Science DOI: 10.1126/science.1227721

Genomic Variation in Seven Khoe-San Groups Reveals Adaptation and Complex African History

Carina M. Schlebusch, Pontus Skoglund, Per Sjödin, Lucie M. Gattepaille, Dena Hernandez, Flora Jay, Sen Li, Michael De Jongh, Andrew Singleton, Michael G. B. Blum, Himla Soodyall, and Mattias Jakobsson

The history of click-speaking Khoe-San, and African populations in general, remains poorly understood. We genotyped ~2.3 million SNPs in 220 southern Africans and found that the Khoe-San diverged from other populations >=100,000 years ago, but structure within the Khoe-San dated back to about 35,000 years ago. Genetic variation in various sub-Saharan populations did not localize the origin of modern humans to a single geographic region within Africa; instead, it indicated a history of admixture and stratification. We found evidence of adaptation targeting muscle function and immune response, potential adaptive introgression of UV-light protection, and selection predating modern human diversification involving skeletal and neurological development. These new findings illustrate the importance of African genomic diversity in understanding human evolutionary history.

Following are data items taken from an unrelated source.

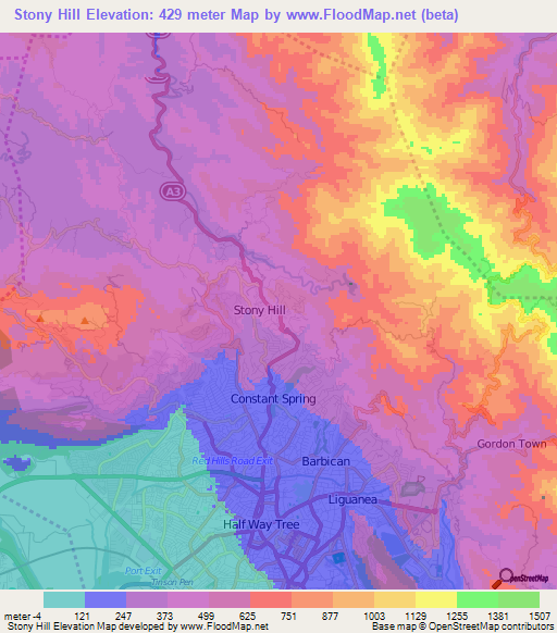 Note:Please note that Stony Hill,Jamaica Elevation Map is in beta.
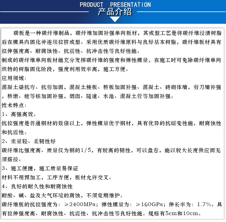 更新信息 快采購網供應商河北盛仕銘新材料有限公司供應單向碳纖維板 碳纖維板 路橋碳板加固 建筑碳纖維板,為您提供詳細的產品報價、參數、圖片等商品信息,本產品于2025-10-25 14:41更新,主要更新內容為:產品類別、產品參數、產品價格、產品圖片等信息。如需進一步了解單向碳纖維板 碳纖維板 路橋碳板加固 建筑碳纖維板詳細信息,請與廠家直接聯系,并說明是在快采購網看到這條商機的。
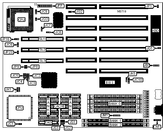Turbo LED | JFP Pins 12 & 13 | 32-bit VESA local bus slots | SL1 - SL3 |

While geneticists have been arguing for over 20 years that their data strongly points to an African origin of modern man, the genetic history of modern African populations themselves, prior to the expansion of Bantu-speaking farmers some 5,000 YBP, – remains largely a blank slate. Schlebusch et al. (2012) acknowledge this from the very onset:

“The history of click-speaking Khoe-San, and African populations in general, remains poorly understood.”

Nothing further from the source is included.